These operators are used in ISL with a % symbol, as will be seen from the ISL source listings in Appendices E and Q, and have functions as follows:
The has.sub.-- prop operator assigns a named property to a data segment (parameter). The semantics of the named property are defined externally to ISL, typically in the context of a test execution environment, such as C.
The type operator ascribes to a parameter the semantics of a type other than the one given in the syntactic description.
The range operator restricts the value of a parameter to a specified numeric range.
The present operator requires the specified parameter to be present.
The mask operator restricts the value of a parameter to a subset of specified bitmasks, connected together with the OR operator, and hence performs a bitwise OR on the parameter.

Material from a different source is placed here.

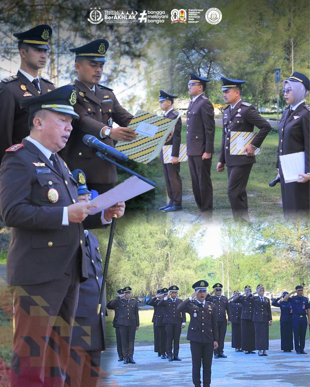 kita diteguhkan terus dalam memberi keadilan yang menjadi harapan bagi rakyat. Dengan integritas, profesionalitas, dan keberanian, Kejaksaan akan terus melangkah pasti, mengawal negeri menuju masa depan yang lebih adil, bermartabat, dan sejahtera. Kegiatan Upacara berjalan dengan baik dan lancar.

The length operator requires the specified parameter to have the length of the parameter appearing in parentheses.
The choice operator restricts the value of a data segment to one of a set of specific values.
The mask contains operator requires that a bitwise AND of the first subsidiary expression and the second subsidiary expression be nonzero, hence that former includes the latter.

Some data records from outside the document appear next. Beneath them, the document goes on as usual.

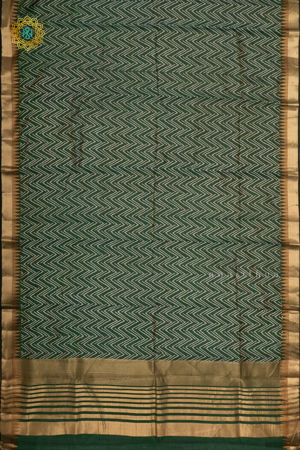 • Design : Printed Body With Zari Border, Pallu & Blouse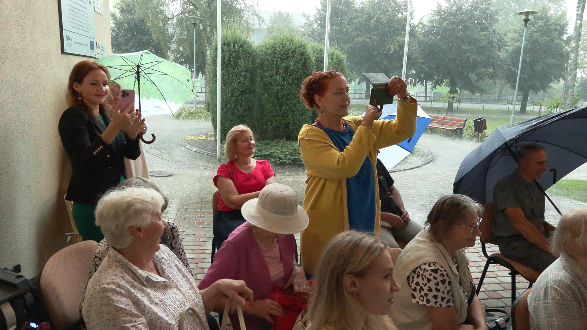 “Tas pērkons, kas arī tagad skan... Es domāju, ka viņam bišķiņ skauž, ka šeit notiek kaut kas tik foršs!” saka dzejniece. “Viņš grib kaut ko pabojāt un kaut ko mums no savas dzejas ielikt, bet mēs redzam, ka līvānieši arī lietus, pērkona laikā māk mobilizēties un sanākt sirsnīgāk kopā.”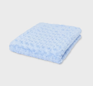 Mięciutki kocyk we wzór układający się w różyczki w modnym kolorze beżowym. Delikatnie otuli Twojego Maluszka.

These and additional operators are defined in detail in Appendix C.
As specified in Appendix D, the ISL User's Guide, other types of operators used to define parameter constraints include:
relational operators (used in conventional C fashion):
=, ==, !=, <, >, <= and >=
Boolean operators:
.vertline..vertline., && and ! (OR, AND, NOT)
The Values subsection (D.3) of the Routines section utilizes a list of operators similar to those used by the Parameters subsection (D.2), and in addition use keywords unique to the Values subsection, namely IF, ELSE and VERIFY.
IV. Output
ISL implements procedures that generate EFSMs, validation tests, and documentation. The generation of EFSMs and validation tests is discussed above (see Sections II/Method Stages 3 and 4-8, respectively). As mentioned, the documentation is produced in a conventional manner using an application such as nroff.
A. Graphical Representation of EFSMs: Path Flow Language
An EFSM is represented internally as a set of objects representing states and transitions between states, with the transitions including predicates, parameter constraints, events, actions and tests (e.g. Boolean tests). The EFSMs are no longer expressed in ISL, though ISL was the starting point when the original specification was generated. Rather, the EFSMs are expressed in applicant's Path Flow Language (discussed above) or another suitable language.
While these EFSMs may be displayed graphically, that is not necessary for the generation of tests of the implementation. The graphical interface for creation and modification of EFSMs is described in the STE User's Guide attached as Appendix B to applicant's aforementioned copending PFL patent application.
An example of a graphical representation of a simple EFSM 92 is shown in FIG. 2, with start state S0 (box 94) and exit state (box 96) connected by a transition 98. State S0 may also be referred to as a "vertex", as may the exit state; generally, the term "state" will be used herein to refer to the abstract state of the EFSM, i.e. the values of variables, stacks, etc., while the term "vertex" will be used to refer to the symbol in the figures. However, they may be used essentially interchangeably.
Vertex 94 may represent a state where a variable x is as yet unassigned. Transition (or "edge") 98 may represent an assignment (which is identified as test data, denoted by the "T") of x=2. The exit vertex 96 then represents a state where x has a value of 2. Note that the arrow on transition 98 proceeds from vertex 94 to vertex 96, indicating that the flow is in that direction only.
This example, while very simple, represents the pattern of the graphical representions of EFSMs discussed below. In those representations, a start state has the appearance of vertex 94 (or vertex 200 in FIG. 5), and an exit state has the appearance of vertex 96 (or vertex 208 in FIG. 5). Intermediate states have a symbol with a two-way arrow in a box, such as vertices 201, 202, etc. Transitions in the EFSMs of FIGS. 5 and 6A-6B are represented as arcs or lines, with an arrow indicating the direction of flow and the decimal indicating the vertex to which the arrow points; thus, arc 200.1 extends from state S0 (vertex 200) to state S1 (vertex 201) in FIG. 5.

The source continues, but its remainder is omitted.